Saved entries
- Opening Delimiter -

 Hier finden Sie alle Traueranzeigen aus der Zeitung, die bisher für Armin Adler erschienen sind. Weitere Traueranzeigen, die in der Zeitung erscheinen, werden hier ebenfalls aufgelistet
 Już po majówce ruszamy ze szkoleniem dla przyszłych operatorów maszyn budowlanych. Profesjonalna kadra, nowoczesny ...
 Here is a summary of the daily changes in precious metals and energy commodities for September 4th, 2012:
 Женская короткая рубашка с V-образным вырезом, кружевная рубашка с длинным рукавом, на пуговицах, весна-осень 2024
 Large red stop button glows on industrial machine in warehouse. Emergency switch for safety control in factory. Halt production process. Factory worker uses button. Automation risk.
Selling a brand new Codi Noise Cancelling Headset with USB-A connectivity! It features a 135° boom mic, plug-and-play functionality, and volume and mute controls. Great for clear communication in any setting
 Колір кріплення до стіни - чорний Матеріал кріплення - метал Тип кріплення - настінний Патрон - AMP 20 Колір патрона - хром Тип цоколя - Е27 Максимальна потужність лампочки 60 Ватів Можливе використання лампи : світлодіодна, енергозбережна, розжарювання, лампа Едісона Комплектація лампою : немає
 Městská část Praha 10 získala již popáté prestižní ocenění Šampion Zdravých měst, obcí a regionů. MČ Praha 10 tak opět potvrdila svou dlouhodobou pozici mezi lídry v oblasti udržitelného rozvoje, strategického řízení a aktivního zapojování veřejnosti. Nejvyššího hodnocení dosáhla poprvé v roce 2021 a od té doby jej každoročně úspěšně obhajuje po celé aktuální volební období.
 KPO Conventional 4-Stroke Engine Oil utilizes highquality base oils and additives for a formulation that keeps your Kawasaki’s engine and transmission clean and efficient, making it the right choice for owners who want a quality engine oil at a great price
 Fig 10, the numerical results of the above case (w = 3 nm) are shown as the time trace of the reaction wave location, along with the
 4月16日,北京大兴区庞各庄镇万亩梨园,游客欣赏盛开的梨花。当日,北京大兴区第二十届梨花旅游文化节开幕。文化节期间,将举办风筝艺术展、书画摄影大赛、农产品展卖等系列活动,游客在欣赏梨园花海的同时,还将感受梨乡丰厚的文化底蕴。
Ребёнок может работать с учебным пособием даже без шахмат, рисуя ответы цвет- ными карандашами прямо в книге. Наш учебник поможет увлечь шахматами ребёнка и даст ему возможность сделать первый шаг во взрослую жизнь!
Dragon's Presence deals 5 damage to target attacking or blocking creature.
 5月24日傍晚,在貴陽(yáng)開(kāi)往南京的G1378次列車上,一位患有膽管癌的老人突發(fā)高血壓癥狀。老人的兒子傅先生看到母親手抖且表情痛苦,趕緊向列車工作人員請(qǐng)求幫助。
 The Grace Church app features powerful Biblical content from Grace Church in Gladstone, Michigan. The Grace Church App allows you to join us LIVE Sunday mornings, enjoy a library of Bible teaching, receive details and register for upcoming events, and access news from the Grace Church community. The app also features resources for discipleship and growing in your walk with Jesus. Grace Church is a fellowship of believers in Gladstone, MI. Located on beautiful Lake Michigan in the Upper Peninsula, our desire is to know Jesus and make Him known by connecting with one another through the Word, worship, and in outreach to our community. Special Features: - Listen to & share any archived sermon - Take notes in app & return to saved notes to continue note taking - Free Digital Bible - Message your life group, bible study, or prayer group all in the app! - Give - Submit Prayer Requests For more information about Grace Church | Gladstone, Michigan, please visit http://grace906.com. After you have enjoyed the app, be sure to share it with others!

- Closing Delimiter -

# What you have to do
Return every record above exactly as written.

# Written response
 Hier finden Sie alle Traueranzeigen aus der Zeitung, die bisher für Armin Adler erschienen sind. Weitere Traueranzeigen, die in der Zeitung erscheinen, werden hier ebenfalls aufgelistet
 Już po majówce ruszamy ze szkoleniem dla przyszłych operatorów maszyn budowlanych. Profesjonalna kadra, nowoczesny ...
 Here is a summary of the daily changes in precious metals and energy commodities for September 4th, 2012:
 Женская короткая рубашка с V-образным вырезом, кружевная рубашка с длинным рукавом, на пуговицах, весна-осень 2024
 Large red stop button glows on industrial machine in warehouse. Emergency switch for safety control in factory. Halt production process. Factory worker uses button. Automation risk.
Selling a brand new Codi Noise Cancelling Headset with USB-A connectivity! It features a 135° boom mic, plug-and-play functionality, and volume and mute controls. Great for clear communication in any setting
 Колір кріплення до стіни - чорний Матеріал кріплення - метал Тип кріплення - настінний Патрон - AMP 20 Колір патрона - хром Тип цоколя - Е27 Максимальна потужність лампочки 60 Ватів Можливе використання лампи : світлодіодна, енергозбережна, розжарювання, лампа Едісона Комплектація лампою : немає
 Městská část Praha 10 získala již popáté prestižní ocenění Šampion Zdravých měst, obcí a regionů. MČ Praha 10 tak opět potvrdila svou dlouhodobou pozici mezi lídry v oblasti udržitelného rozvoje, strategického řízení a aktivního zapojování veřejnosti. Nejvyššího hodnocení dosáhla poprvé v roce 2021 a od té doby jej každoročně úspěšně obhajuje po celé aktuální volební období.
 KPO Conventional 4-Stroke Engine Oil utilizes highquality base oils and additives for a formulation that keeps your Kawasaki’s engine and transmission clean and efficient, making it the right choice for owners who want a quality engine oil at a great price
 Fig 10, the numerical results of the above case (w = 3 nm) are shown as the time trace of the reaction wave location, along with the
 4月16日,北京大兴区庞各庄镇万亩梨园,游客欣赏盛开的梨花。当日,北京大兴区第二十届梨花旅游文化节开幕。文化节期间,将举办风筝艺术展、书画摄影大赛、农产品展卖等系列活动,游客在欣赏梨园花海的同时,还将感受梨乡丰厚的文化底蕴。
Ребёнок может работать с учебным пособием даже без шахмат, рисуя ответы цвет- ными карандашами прямо в книге. Наш учебник поможет увлечь шахматами ребёнка и даст ему возможность сделать первый шаг во взрослую жизнь!
Dragon's Presence deals 5 damage to target attacking or blocking creature.
 5月24日傍晚,在貴陽(yáng)開(kāi)往南京的G1378次列車上,一位患有膽管癌的老人突發(fā)高血壓癥狀。老人的兒子傅先生看到母親手抖且表情痛苦,趕緊向列車工作人員請(qǐng)求幫助。
 The Grace Church app features powerful Biblical content from Grace Church in Gladstone, Michigan. The Grace Church App allows you to join us LIVE Sunday mornings, enjoy a library of Bible teaching, receive details and register for upcoming events, and access news from the Grace Church community. The app also features resources for discipleship and growing in your walk with Jesus. Grace Church is a fellowship of believers in Gladstone, MI. Located on beautiful Lake Michigan in the Upper Peninsula, our desire is to know Jesus and make Him known by connecting with one another through the Word, worship, and in outreach to our community. Special Features: - Listen to & share any archived sermon - Take notes in app & return to saved notes to continue note taking - Free Digital Bible - Message your life group, bible study, or prayer group all in the app! - Give - Submit Prayer Requests For more information about Grace Church | Gladstone, Michigan, please visit http://grace906.com. After you have enjoyed the app, be sure to share it with others!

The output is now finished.